# BRIEF
Transcribe the data as written, minus images.

# PROVIDED DATA

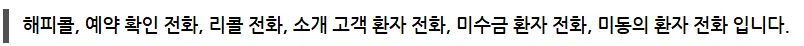 위의 환자들에게 직접 전화를 해주면 좋습니다. 원장님 진료 후에 반드시 확인을 한번 더 해야 하는 경우도 해피콜을 진행해 주셔야 합니다.
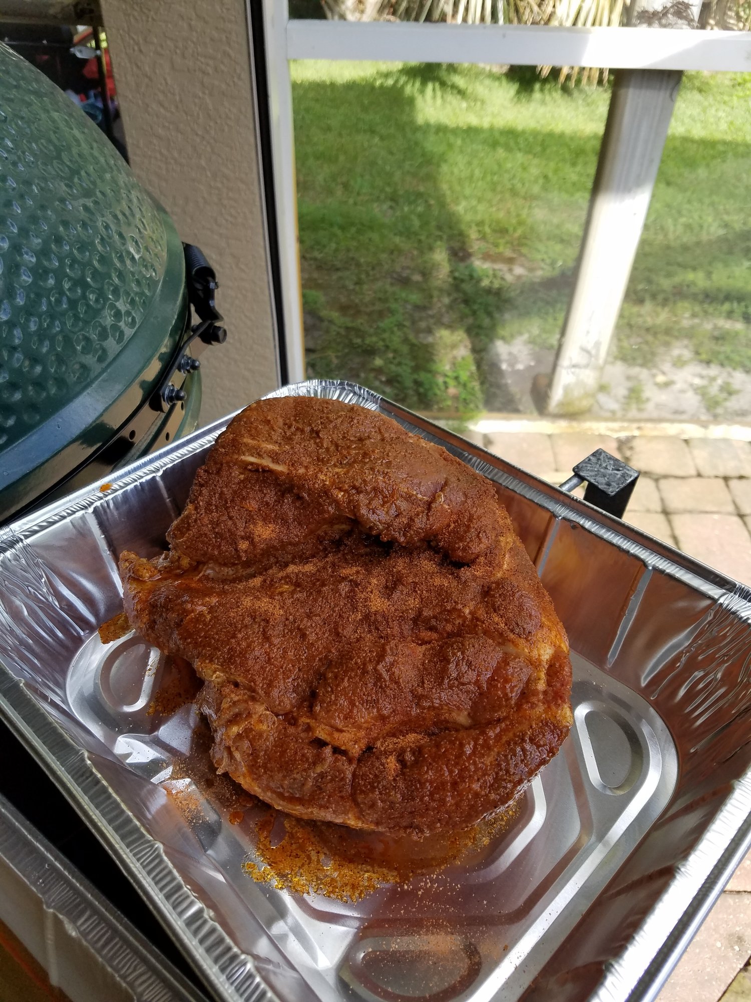 Hello everyone. I'm new to the egg I have done a lot of steaks and chicken. I've done a few racks of ribs and they came out great. Yesterday while out with the wife she informed me that she wanted to try a new taco restaurant. She order the pulled pork taco and they were OK. I stuck my foot in my mouth and told her that the Egg can make better pork. So on the way home we stopped by the store and picked up a little 4lb shoulder. I have my Guru set to 250 and this baby is going on now.
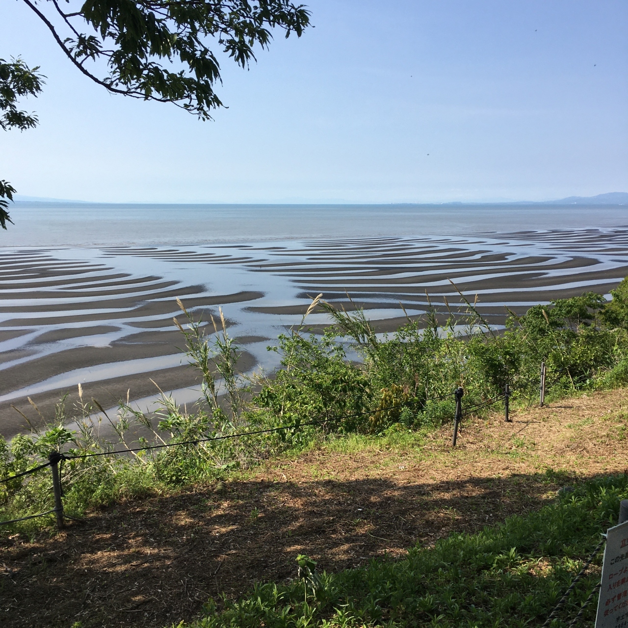 干潮時には美しい砂紋が見れる海岸です。干潮と日没が重なるときは年に数回しかありませんが、私が訪問したときは日中に干潮となる準絶景日でした。

# SOLUTION
 위의 환자들에게 직접 전화를 해주면 좋습니다. 원장님 진료 후에 반드시 확인을 한번 더 해야 하는 경우도 해피콜을 진행해 주셔야 합니다.
 Hello everyone. I'm new to the egg I have done a lot of steaks and chicken. I've done a few racks of ribs and they came out great. Yesterday while out with the wife she informed me that she wanted to try a new taco restaurant. She order the pulled pork taco and they were OK. I stuck my foot in my mouth and told her that the Egg can make better pork. So on the way home we stopped by the store and picked up a little 4lb shoulder. I have my Guru set to 250 and this baby is going on now.
 干潮時には美しい砂紋が見れる海岸です。干潮と日没が重なるときは年に数回しかありませんが、私が訪問したときは日中に干潮となる準絶景日でした。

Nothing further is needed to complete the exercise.